And thanks also to Bill and Rob.
Kind regards,
Orlando.
PhD student Carlos Orlando Jacobo Cabral
Departamento de Farmacología, Lab.34
Centro de Investigación y de Estudios Avanzados del I. P. N.
Email: [email protected]; [email protected]
----------------------------------------------------------------------------
-----------------------------
> Date: Mon, 21 May 2012 22:12:18 +0200
> From: [email protected]
> To: [email protected]
> Subject: Re: [NMusers] VD as a fraction of another VD
>
> Carlos,
> Why? What pharmacological or physiological reason would lead you to want
> to fix the volume of a metabolite to be a fraction of the parent?
> Nick
>
> On 21/05/2012 8:19 p.m., Carlos Orlando Jacobo Cabral wrote:
> > Dear NMusers,
> >
> > Hi, I have data of a parent drug (intravenously administered) and its
> > metabolite, ¿How can I code the volume of distribution of metabolite
> > as a fraction of the central volume of parent?

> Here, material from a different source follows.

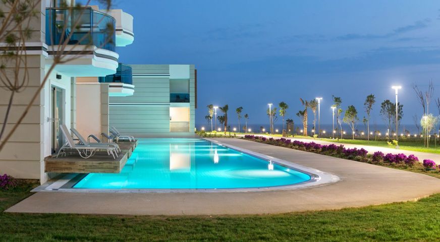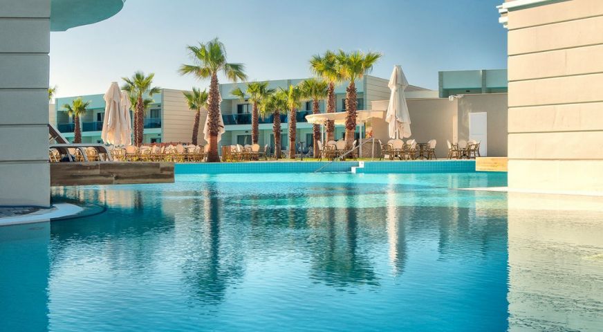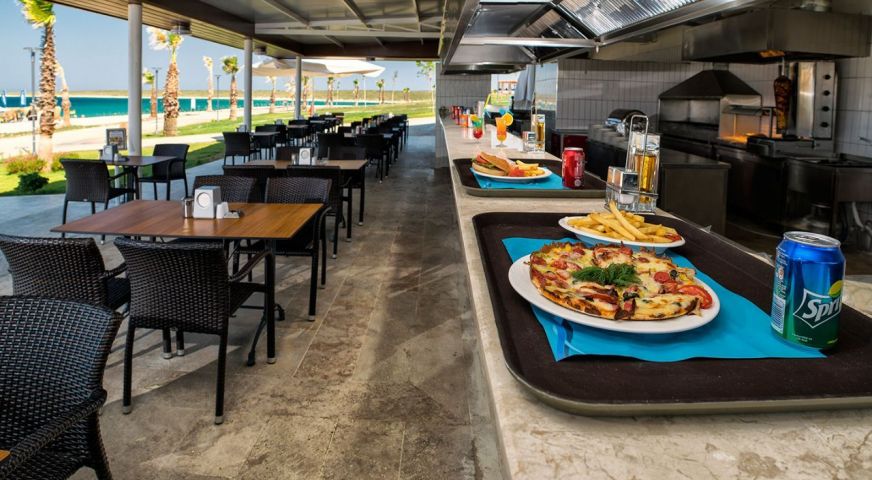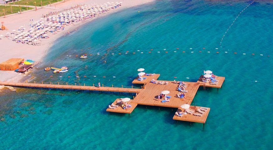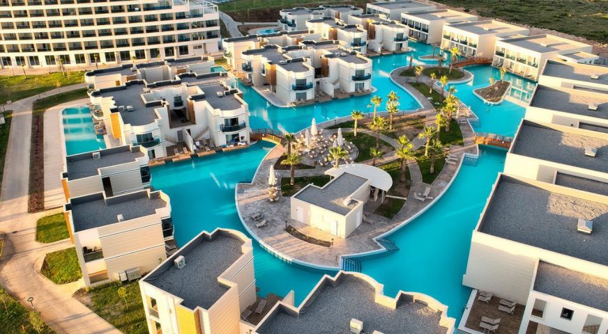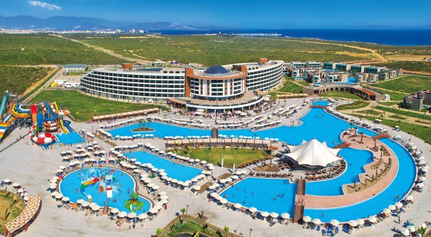 Оновен ресторант, 4 а- ла- карт ресторанта (с предварителна резервация), 5 бара, дискотека, 2 открити и 1 закрит басейн, аквапарк, водни пързалки, магазини, сладкарница, СПА център, паркинг. Заема площ от внушителните 200 000 кв. метра (200 дка). Разположен е на първа линия точно до широк пясъчен плаж. Отвори врати през май 2016 г. и от тогава се утвърждава на челна позиция сред най-луксозните комплекси в Егейска Турция. Предлага Ултра Ол Инклузив концепция на най-високо ниво като в асортимента на баровете са включени напитки като Ballantine’s, Absolute, Malibu, Havana Club и други. Разполага с огромна площ от 12 000 кв. метра с басейни (за деца и за възратни) и Аква Парк, което в това отношение го прави номер едно в Егейския регион. Хотелът разполага и със СПА център, който се простира на впечатляващите 2000 кв. метра, и Детски клуб с площ 500 кв. метра, в който има дори и кино салон. Плажът на хотела е с дължина 600 метра. Всеки турист остава впечатлен от мащаба и удобствата по територията му.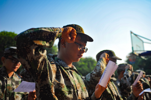 军训学员代表、2017级生物医学工程系、医学影像技术专业刘鑫说道,军训是迎来考验品格和意志的大学第一课,他代表新生承诺,面对九月的烈日和蚊虫的叮咬,不会退缩,而是会靠着吃苦耐劳的自强的精神,磨炼自己的意志,以战士的情怀,去用心体验军训的精彩。

> > An example of the model that I want to fit is:
> >
> > $PK
> >
> > V1=THETA(1)*EXP(ETA(1)) ; Central Volume of parent
> > V2=THETA(2)*EXP(ETA(2)) ; Peripheral Volume of parent
> > Q=THETA(3) ; intercompartmental clearance
> >
> > V3= ???????????? ; Volume of metabolite as a fraction of V1 with
> > variability
> >
> > CL1=THETA(5)*EXP(ETA(4)) ; Formation clearance of metabolite
> > CL2=THETA(6)*EXP(ETA(5)) ; Elimination clearance of metabolite
> > CL0=THETA(7)*EXP(ETA(6)) ; Parent drug excretion by routes other than
> > formation of metabolite
> >
> >
> >
> > - Thank you in advance.
> >
> > Orlando.
> >
> > /P//hD //student/ Carlos Orlando Jacobo Cabral
> >
> > Departamento de Farmacología, Lab.34
> >
> > Centro de Investigación y de Estudios Avanzados del I. P. N.
> >
> > Email: [email protected] <mailto:[email protected]>;
> > [email protected] <mailto:[email protected]>
> >
>
> --
> Nick Holford, Professor Clinical Pharmacology
>
> First World Conference on Pharmacometrics, 5-7 September 2012
> Seoul, Korea http://www.go-wcop.org
>
> Dept Pharmacology& Clinical Pharmacology, Bldg 505 Room 202D
> University of Auckland,85 Park Rd,Private Bag 92019,Auckland,New Zealand
> tel:+64(9)923-6730 fax:+64(9)373-7090 mobile:+64(21)46 23 53
> email: [email protected]
> http://www.fmhs.auckland.ac.nz/sms/pharmacology/holford
>
>
>
Dear Elke
I really appreciate all your comments and suggestions which I´ll take into
account, thank you.
Kind regards,
Orlando.
PhD student Carlos Orlando Jacobo Cabral
Departamento de Farmacología, Lab.34
Centro de Investigación y de Estudios Avanzados del I. P. N.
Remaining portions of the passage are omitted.